Development of Score Indicative of Lesion/Lung Aggression/Abnormality (SILA)

Current literature suggests that no single quantitative metric exists to differentiate benign and malignant nodules. However, multivariate predictive models based on an ensemble of nodule texture/density, surround texture/density, nodule surface and other shape descriptors could improve the discriminability. To facilitate the multivariate analysis we investigated the possibility of replacing our previously developed nodule texture/density and surface categorization using unsupervised stratification into continuous variables that can be thresholded at multiple levels to provide, if needed, the necessary categorization. We developed SILA to map the nine nominal texture/surface exemplar distributions of the nodule onto a continuous scale. The nine nominal exemplar distributions can be ordinated in 362,880 (factorial 9) ways. To identify the unique ordination that correlates with the virulence/malignancy of the nodule, we used qualitative spatial reasoning and multi-dimensional scaling. Based on this, the nine texture exemplars arbitrarily labeled as V,I,B,G,Y,O,R,C, and P were ordinated as V-R-O-I-Y-P-B-G-C identical to that used to represent the distributions via the glyphs (Figure C in S1 File). The nine surface exemplars were ordinated as unknown-minimal surface-valley-flat-ridge-pit-saddle valley-saddle ridge-peak. SILA was computed as the Cramer-Von Mises Distance of the ordinated exemplar distributions. Using a similar strategy, the seven primal parenchymal exemplars (Normal, Ground Glass, Honeycombing, Reticular, {mild, moderate, severe} lower attenuation areas) were ordinated to compute the SILA for the parenchyma surrounding the nodule (Figure D in S1 File shows the operator dependent variations in the SILA mappings for the texture and surface characterization. The 95% C.I for the maximum nodule-specific SILA differences across the 3 operators was 0.217–0.271 and 0.236–0.276 respectively for the texture and surface characterization).

Multivariate model

Quantitative methods were developed to characterize independent radiological variables assessing various radiologic nodule features. Univariate analysis of the discriminatory power of each radiologic variable and receiver operative curve (ROC) analysis were performed for each variable and an area under the curve (AUC) calculated.
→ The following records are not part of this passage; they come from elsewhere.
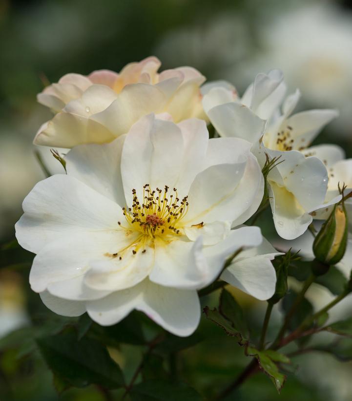 Description- Bred in Canada, and named after the famous Canadian jazz pianist and composer Oscar Peterson, this new rose is not only tough, it’s beautiful. Blooming from early summer through fall, the semi-double flowers start out a shade of soft yellow cream that soon turn to bright white with a contrasting center of golden yellow stamens. The flowers are arranged in sprays and the spent petals always fall cleanly from the plant. The foliage is dark rich green with excellent disease resistance. It has an upright habit, being slightly taller than wide. One of the hardiest roses in our Easy Elegance® collection, it lives happily in cold zone 3. And, we’ve tested it in zone 7 Georgia where it has held up beautifully to southern heat. Own root.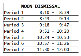 - Students--Friday, February 10 will be a 12:00 p.m. dismissal. Breakfast will be served, but no lunch on this date. We will be using the noon dismissal schedule which is below.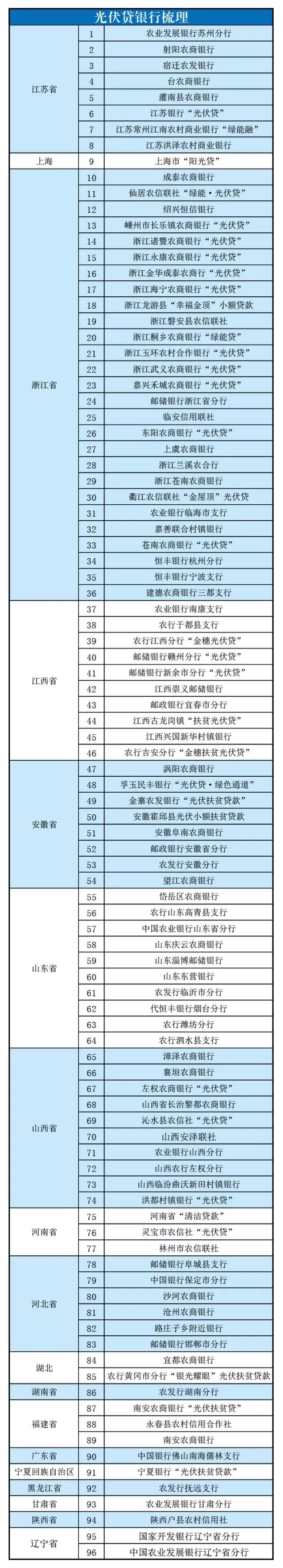 近期,国补降低成为光伏行业内热议的话题,补贴降了,电站安装费用也不是个小数目,有些老百姓只能“望电站而却步”。令人欣喜的是,一些地区政府部门联合地方银行共同开展“光伏贷”业务,为老百姓提供光伏贷款,消除了百姓当前资金不足的忧虑。近几天,向小编咨询光伏贷事宜的业主为数不少,在此,365光伏梳理了当前全国18个省市,96家开展光伏贷业务的银行,并以表格的形式清晰简单的呈现给大家,希望能为正想申请光伏贷的您提供一些参考。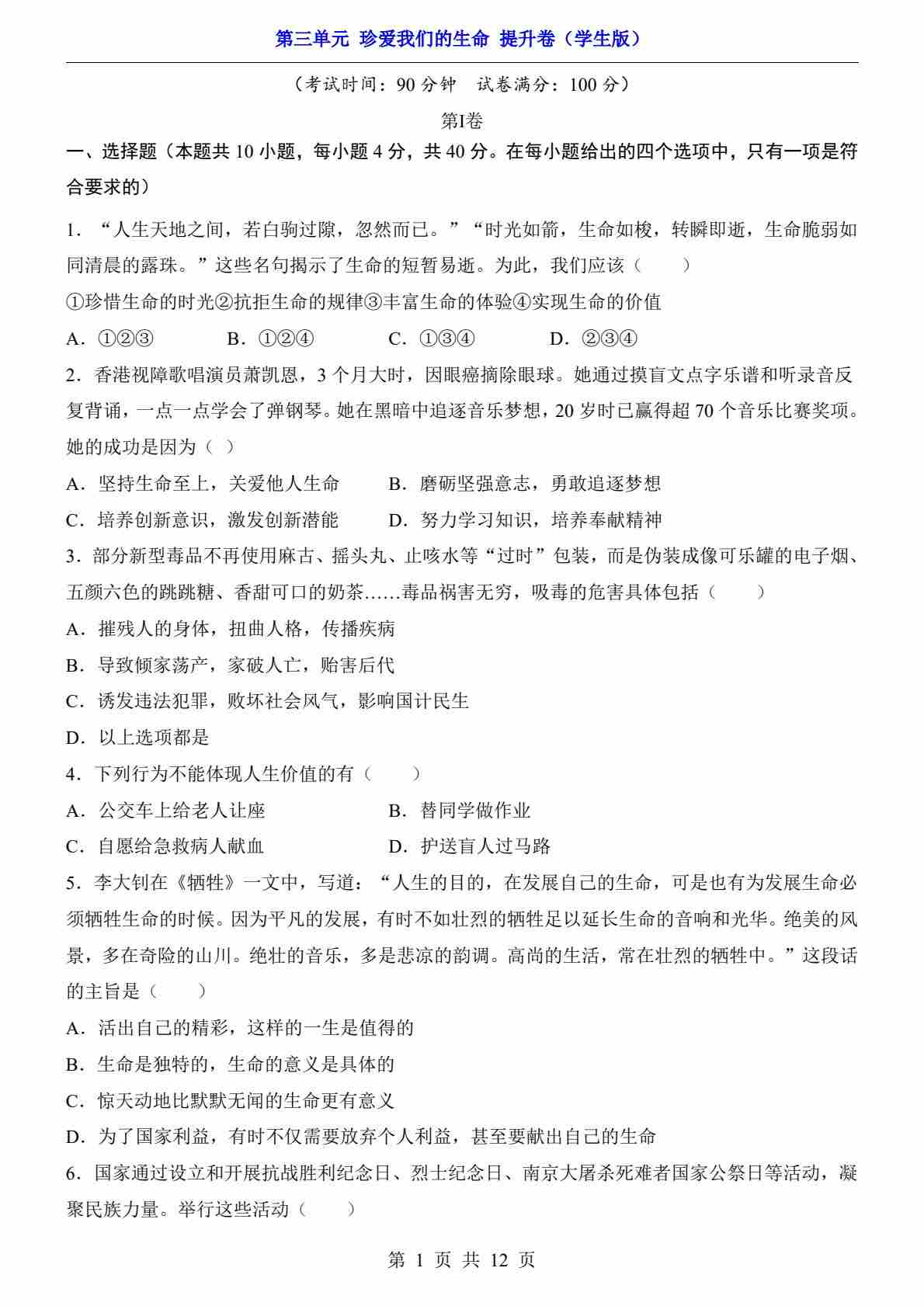 第3单元 珍爱我们的生命(提升卷)

Statistical significance was calculated and adjusted for multiple comparisons using Bonferroni correction. Spearman rank correlations between all pairs of variables were calculated and displayed via a heat map. Multivariate analysis was performed using least absolute shrinkage and selection operator (LASSO) method for both variable selection and regularization in order to enhance the prediction accuracy and interpretability of the multivariate statistical model. To increase the stability of the modeling, LASSO was run 1,000 times and the variables that were selected by at least 50% of the runs were included into the final multivariate model.[26] The bootstrapping method was then applied for the internal validation, and the optimism-corrected AUC was reported for the final model.

Results

Study participants

We reviewed 649 LDCT of cancers diagnosed in the screening arm of the NLST that included 353 adenocarcinomas, 136 squamous cell carcinomas, 28 large cell carcinomas, 75 non-small cell carcinomas, 49 small cell carcinomas and 5 carcinoid tumors. After exclusion of cases lacking HRCT data, cases with no apparent lesion on last HRCT prior to the cancer diagnosis, cases with nodules invading the mediastinum, cases with missing outcome data, and lesion with size < 7mm or >30 mm, 408 LDCT scans with malignant nodules were selected and analyzed. A stratified random sample of non-lung cancer control nodules (size between 7 and 30 mm) was selected on a 1:1 basis, and 318 benign nodules were selected and included in the analysis (Fig 1). The demographic and clinical characteristics of individuals included in the study are summarized in Table 1.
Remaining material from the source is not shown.